Our examination of determinants of WTP (Table 7) results in the conclusion that the only variable that is significant thorough all of the scenarios is the cost. There are some significant associations for specific scenarios, but the variable differs. Income and university education had a positive significant effect for the full sample, but not for specific scenarios.

Finally, a number of important study limitations should be mentioned. Compared to the Swedish population, the sample had a higher income and share of university level education, which implies that the generalizability can be questioned. However, given that the primary aim was not to elicit policy estimates of WTP-Q, the fact that the different subsamples that we used for comparison did not significantly differ from each other is assuring. Further, it is well known that it is difficult to intuitively communicate small changes in probabilities. Failure to understand our survey scenario could of course be one argument as to why we fail to find adequate sensitivity to scope.
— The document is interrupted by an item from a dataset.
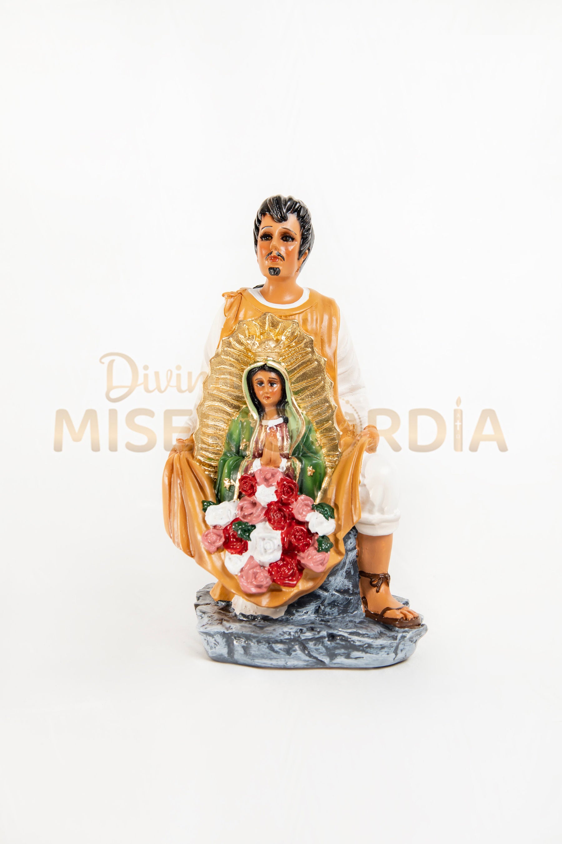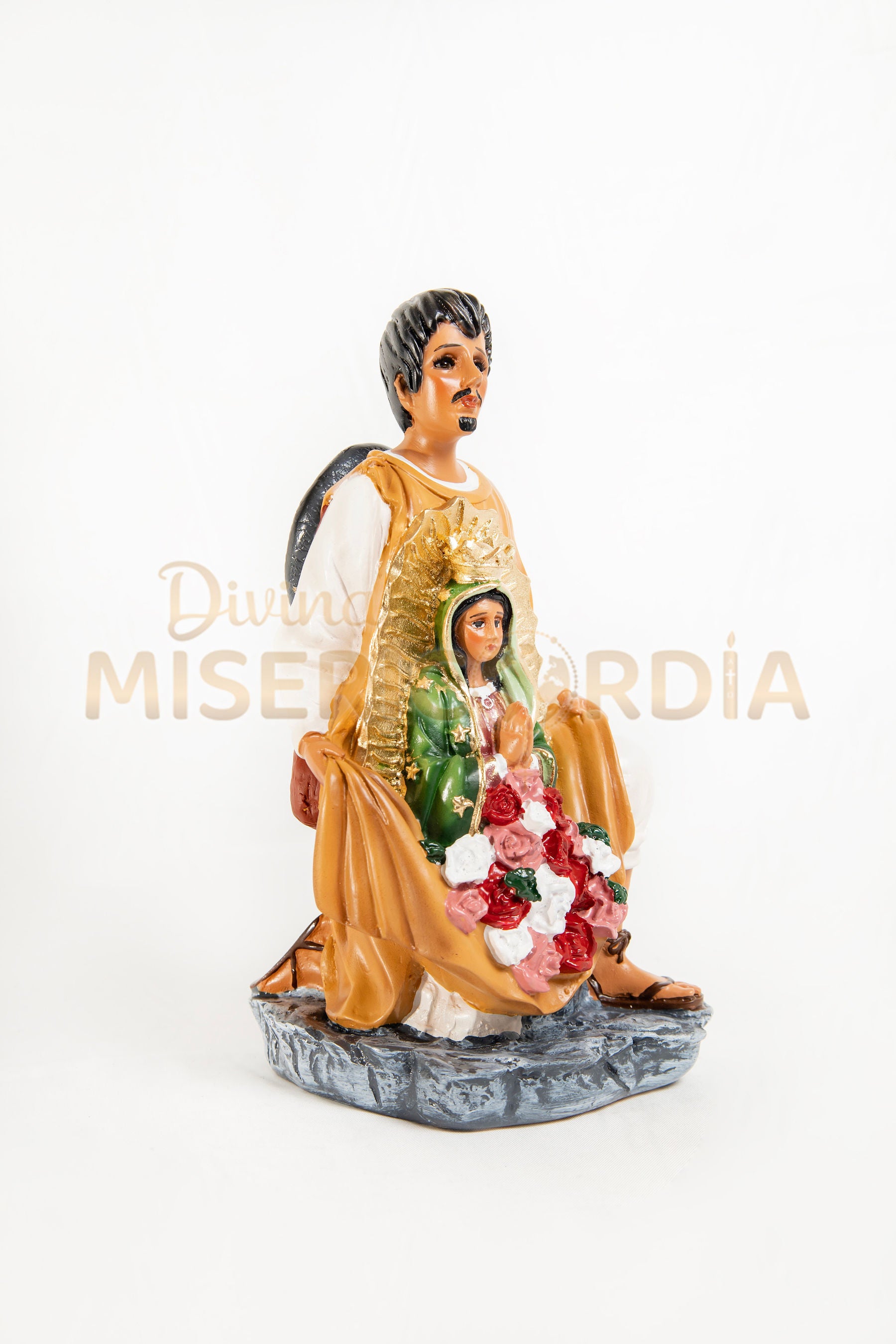 Esta pieza refleja su importancia en la historia de la Iglesia en México y es ideal para altares, hogares y espacios de oración donde se busca recordar el milagro de la Virgen de Guadalupe y la fuerza de la fe humilde y verdadera.

To conclude, we found that our expectation of sensitivity to scope, or higher WTP with the larger expected QoL improvement, was not supported. We have also documented that the willingness to pay per QALY was substantially affected by the chosen tariff to estimate QoL. Even though a single WTP-Q may not be theoretically or empirically attainable, we believe that a threshold based on state-of-the-art research from several data sources will help to improve efficiency in society. However, this article, as well as the broader literature on this topic, struggles to provide estimates that pass the contingent valuation (or stated preferences) validity tests, including the near proportionality of willingness to pay.